Table 1 Variable List: Primary Experiment Data.
Table 2 Variable List: Click-Stream Data.

Code files are included in the https://github.com/mit-econ-ai/radiology_ai_data.

Post-experiment questionnaire

At the end of the experiment, radiologists complete a survey based on their experience with the AI support tool and clinical history in making their assessments. These endline survey responses are helpful in understanding the heterogeneity in radiologist qualities and how they use the various pieces of information. Their responses allow the analysis of the extent to which AI and clinical history affect the assessment, decision-making and effort exerted in the diagnosis process. This information also allows the exploration of questions regarding qualitative beliefs held by radiologists. The survey responses are also available on the OSF repository in the file “debrief_responses_osf.xlsx”.

Technical Validation

All validation checks are included in the appendix of the accompanying paper6. Below, we summarize some of the validation tests.
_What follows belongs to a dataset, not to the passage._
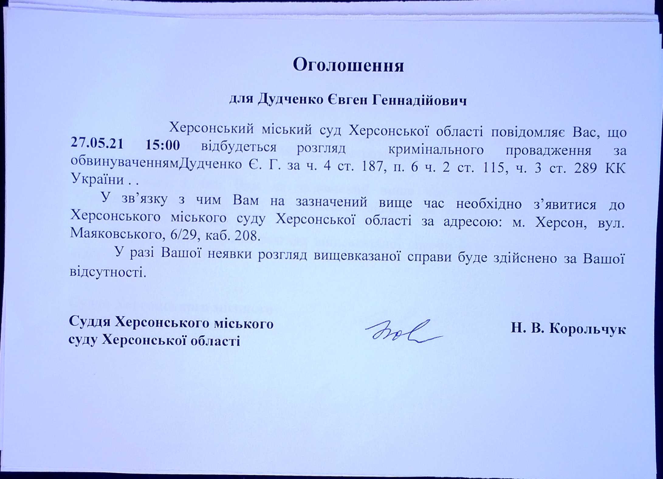 ОГОЛОШЕННЯ для Дудченко Євгена Геннадійовича

Validation of diagnostic standard quality

We present evidence that the diagnostic benchmark—based on readings from five board-certified radiologists at Mount Sinai, each of whom reviewed all 324 patient cases—is both high quality and robust to a range of analytic choices. We included a table with summary statistics for the diagnostic standard derived from the Mount Sinai radiologists, as well as for a leave-one-out internal diagnostic standard constructed using reads from the experimental arm that included clinical history but excluded AI assistance (Table C.3 in6) We also included additional summary statistics for the five labelers, such as the average time spent and click count (Table C.4 in6) We also report the average level of agreement between the diagnostic labels and the original interpretations provided by radiologists. (Table C.3 in6) These analyses indicate that the decisions of the five diagnostic standard labelers largely align with the clinical assessments made by the original radiologists, and we can statistically reject the null hypothesis that the average probability rating equals 0.5 at the 5% significance level in the majority of cases. Finally, section C.5.2 in6 demonstrates the treatment effect results are consistent across methods of computing the diagnostic standard.

Validation of radiologist read quality

To benchmark the quality of AI predictions in our sample and the radiologists in our experiment, we compared our participant pool with the AI input using two performance measures (Figure 1 in6) The first measure is derived from the receiver operating characteristic (ROC) curve, which measures the trade-off between the false positive and the true positive rate of a classifier as the cutoff for classifying a case as positive or negative is varied. It uses only ordinal information about the AI. The second measure is the root mean-squared error (RMSE), which utilizes cardinal information about the AI prediction. We pool the data for top-level pathologies with AI for each radiologist’s reports and for the AI’s prediction.

Additional validation tests

We find that incentives do not play a significant role in diagnostic accuracy (Table C.20 in6) We also verify randomization occurred as expected through numerous balance and randomization tests (Figure C.9; Tables C.1, C.2 in6) For the second design, we also found that the washout strategy was effectual. Radiologists’ predictions do not shift towards the AI prediction if it was displayed in a prior session but do if it is displayed in the current session (Figure C.37 in6).